Another potential complication was raised by Justice Stephen Breyer in a dissenting opinion where he expressed concern that opening the gates of government funding to faith-based schools would “risk the kind of entanglement and conflict that the Religion Clauses are intended to prevent.”
While acknowledging that strings which can come attached to funding could create complications for religious groups, Rabbi Cohen said that navigation of these challenges are best left to faith groups themselves.
“Leave it up to institutions to decide what strings they can and cannot live with,” he said. “Entanglement has been an argument on the other side of this issue for a long time, and it is a concern, but it should not stop us from pursuing equity in government programs. Frankly, it’s a little patronizing to hear it from groups like ADL that we know oppose funding religious institutions on principle to tell us that they’re worried about the strings.”

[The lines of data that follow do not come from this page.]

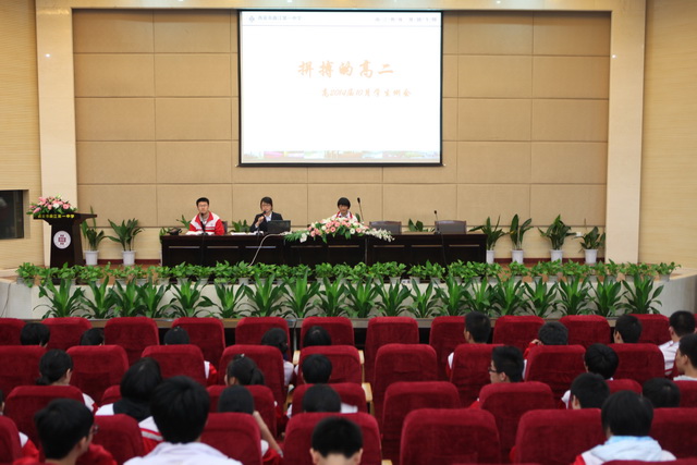 2012年10月18日下午,曲江一中高二年级月例会在校报告厅举行。全体学生在各班班主任的有序组织下参加了此次大会。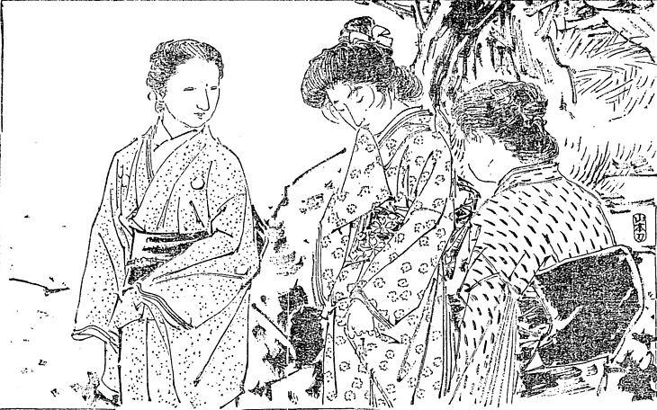 | 説明 | お見合いの場のお嬢さま。前が引き合わせ役の老婦人。従っているのは母親。娘が母親より大きいという現象は、この時代も話題になっている。お嬢さまの身につけているものはこの日の冒頭に詳しい。すぼめた黒の洋傘の握りに、薄色の絹ハンカチを掴んだまま、真珠に輝やく両の手を重ねて乗せている、と書いてあるが、挿絵では片手を袖に隠して口もとを押さえている。乙女の恥ずかしさの表現のきまり、というにしても、1906(明治39)年というまもなく大正というこの時代にしては、右田年英の勇み足ではないだろうか。「ふっくり取った廂髪(庇髪)(ヒサシガミ)に、勿忘草の束ねたのが物臆しげに哀れにふるえている」とある束髪の髷はかなり高く聳(ソビ)えていて、やや流行遅れになった二百三高地を思わせる。(大丸 弘) |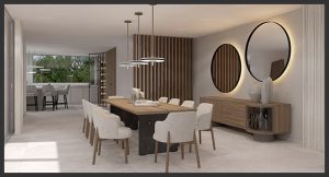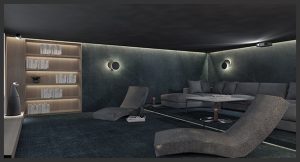 Uno de los puntos culminantes de esta residencia es el espectacular Home Cinema, diseñado para ofrecer una experiencia audiovisual sin igual, reflejando así el elevado estándar de calidad y confort de la vivienda. Para lograr esto, se seleccionaron componentes de alta fidelidad de marcas como Bowers and Wilkins y JVC, garantizando así la mejor experiencia sonora y visual posible.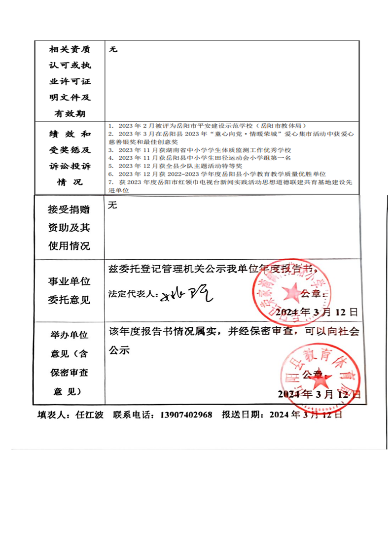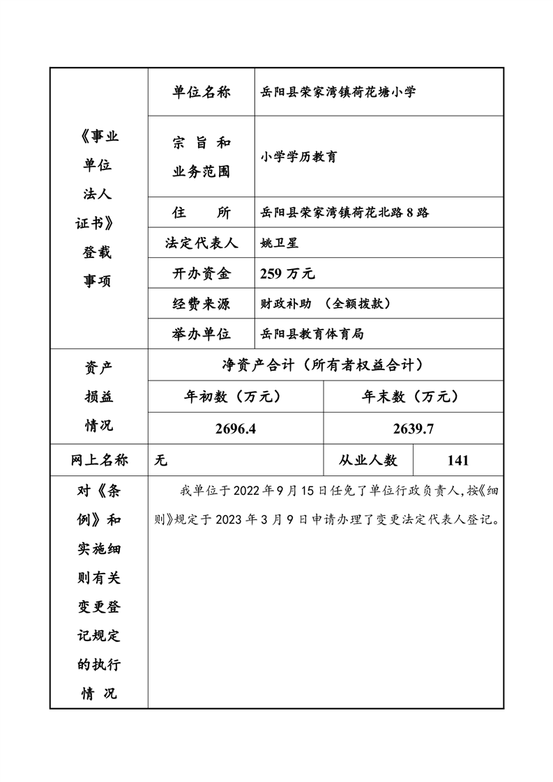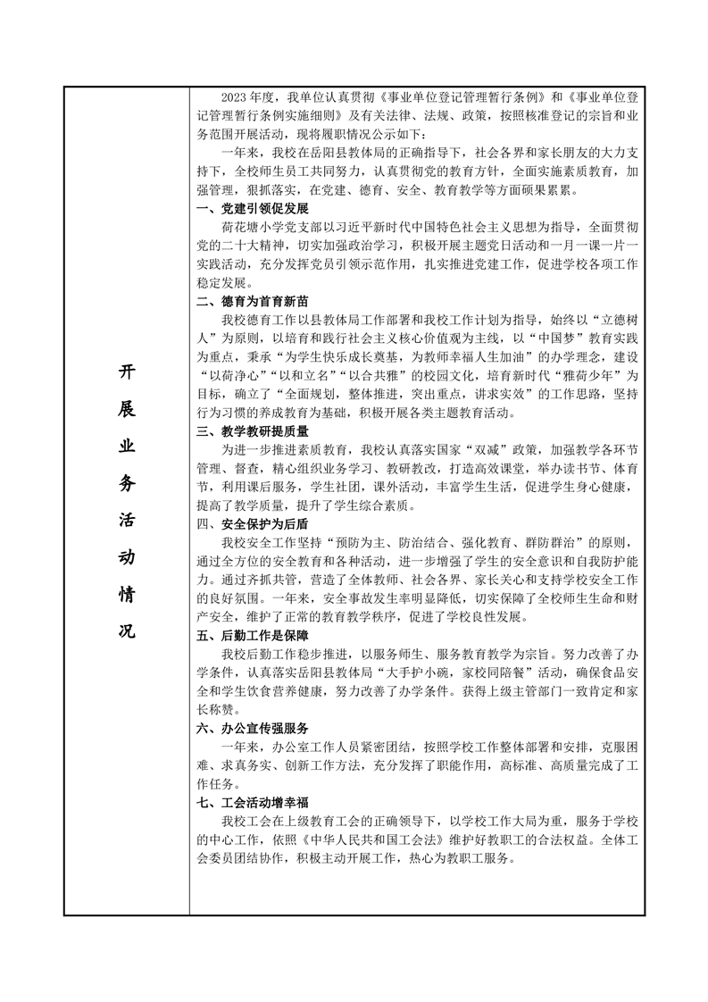 岳阳县荣家湾镇荷花塘小学2023年法人年度报告书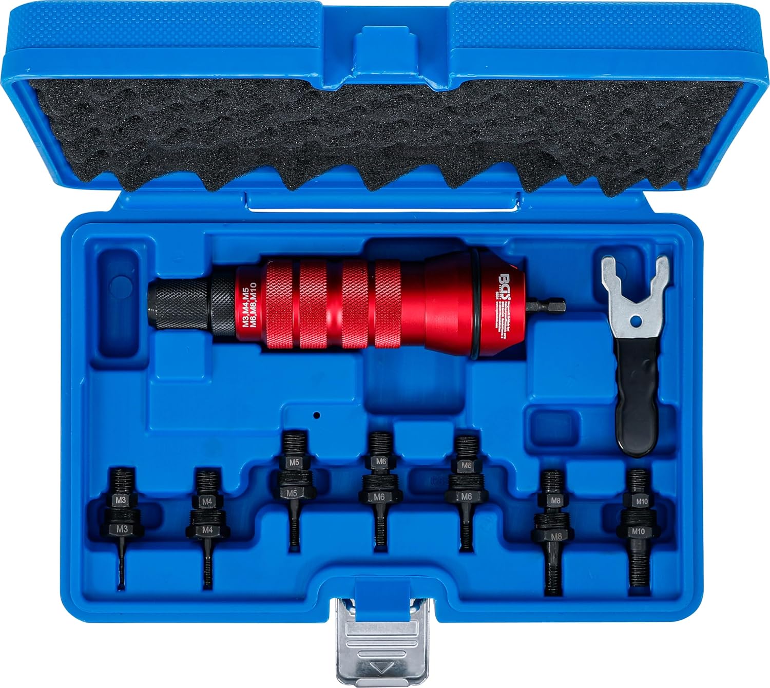 - Lieferumfang: 1 Nietmutternaufsatz, Antrieb Aussensechskant 6,3 mm (1/4") | 1 Nietmutternzugdorn, M3 | 1 Nietmutternzugdorn, M4 | 1 Nietmutternzugdorn, M5 | 1 Nietmutternzugdorn, M6 | 1 Nietmutternzugdorn, M8 | 1 Nietmutternzugdorn, M10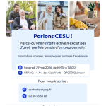 Rendez-vous le vendredi 29 mai 2026 à 14h30 à l’ARPAQ pour une conférence « Parlons CESU » présentée par la FEPEM (Fédération des particuliers employeurs). Gratuit – Sur inscription au 02.98.55.53.86 ou…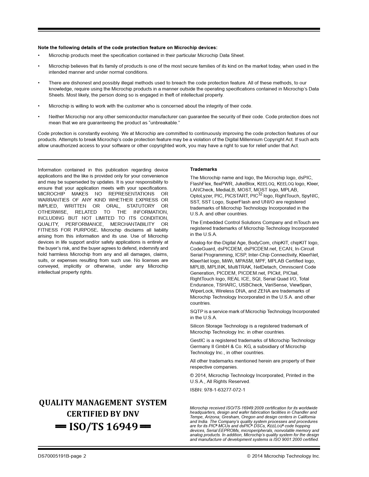 Note the following details of the code protection feature on Microchip devices:. Trademarks. QUALITY MANAGEMENT SYSTEM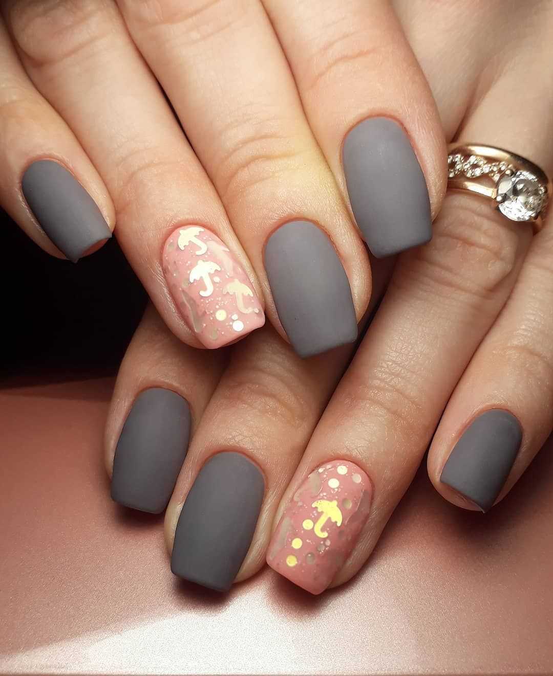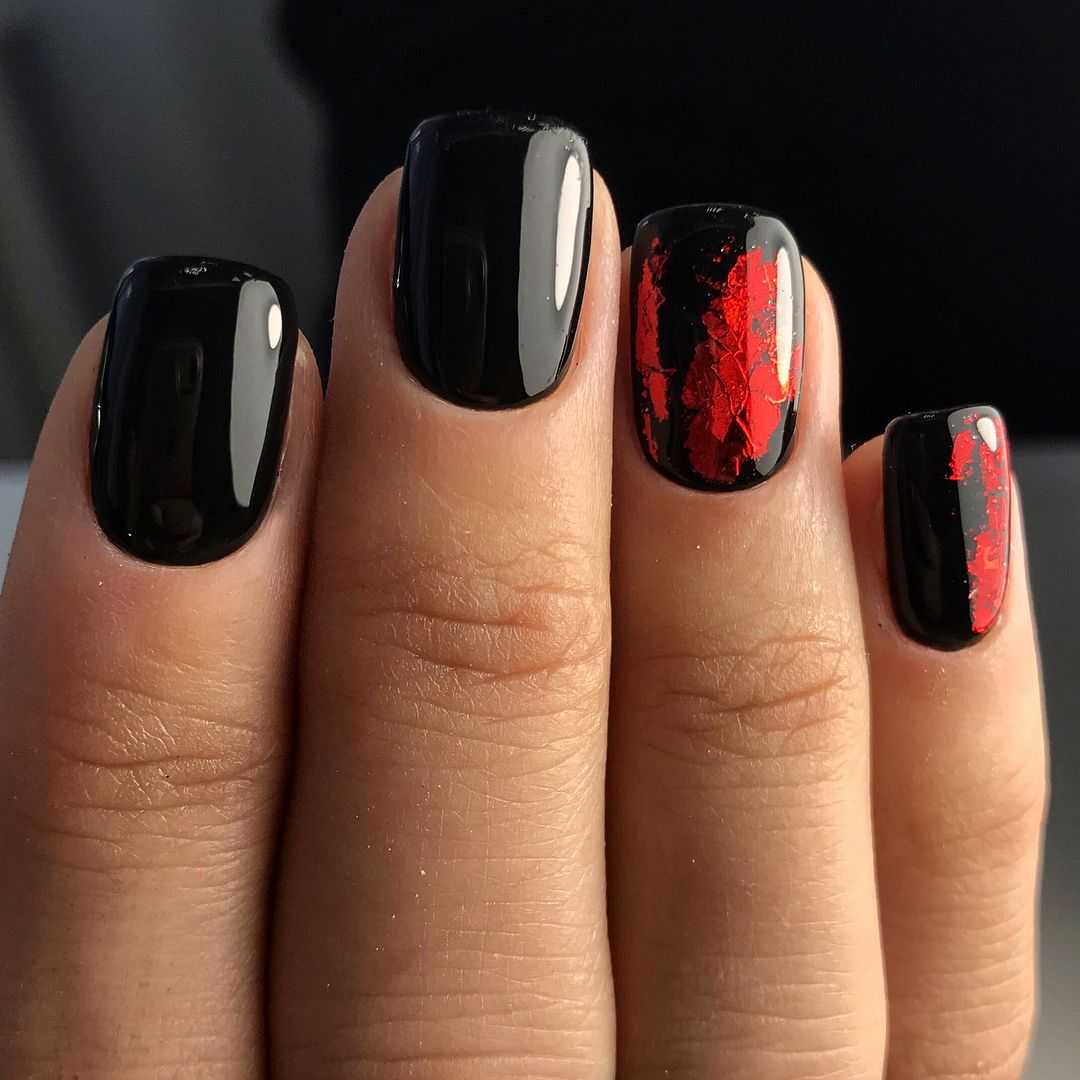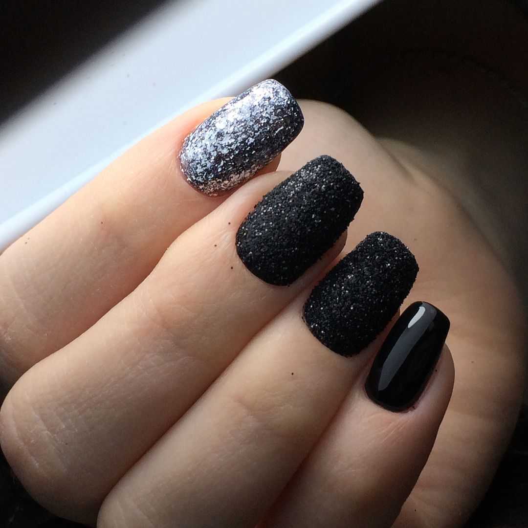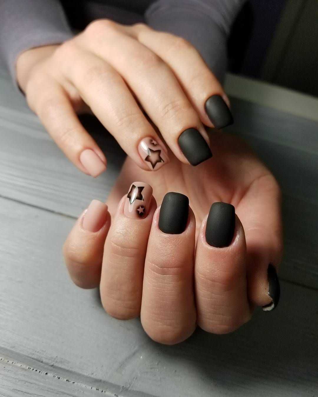 В 2019 году одним из горячих трендов beauty-индустрии считают матовый черный маникюр. Он уже который год радует поклонниц матовых тонов своим разнообразием. Модный матовый маникюр в черном цвете — универсален. Он неброский, не вызывающий и подходит даже для похода на работу. Матовый черный лак отлично дружит с блестками различных тонов и фольгой металлического цвета. Данный маникюр выглядит безупречно на коротеньких ноготках миндальной или овальной формы. Более элегантно и даже немного провокационно смотрится черное матовое покрытия на острых, длинных ногтях. Матовый цвет сам по себе выглядит нежно и скромно, но если вам все же хочется разнообразить монотонность, фантазируйте с дизайном, добавляя разные материалы декора.

While focusing on tuition aid, the court’s decision will likely have consequences for a wide range of government funding that will now have to cross a much higher bar to justify excluding religious groups.
“This opinion says very clearly that government cannot treat religious institutions different that a comparable secular one,” said Mr. Baxter. Going beyond the issue of funding, he added that the present ruling backed up a decision made recently by a New York federal court that Mayor Bill de Blasio’s statements saying that anti-police protests deserved more legal leeway from COVID restrictions than religious services constituted a breach of the First Amendment.
Rabbi Cohen also said that Espinoza’s ripples could go well beyond schools in re-shaping religious institution’s level of access to funding.
“I think that government is beginning to look at the totality of what institutions do rather than whether they are religious or secular,” he said. “It’s a broadening of what religious liberty means and of what religious discrimination means. If government will focus more on what an organization can contribute to society rather than what sector it belongs to, I think we all stand to benefit.”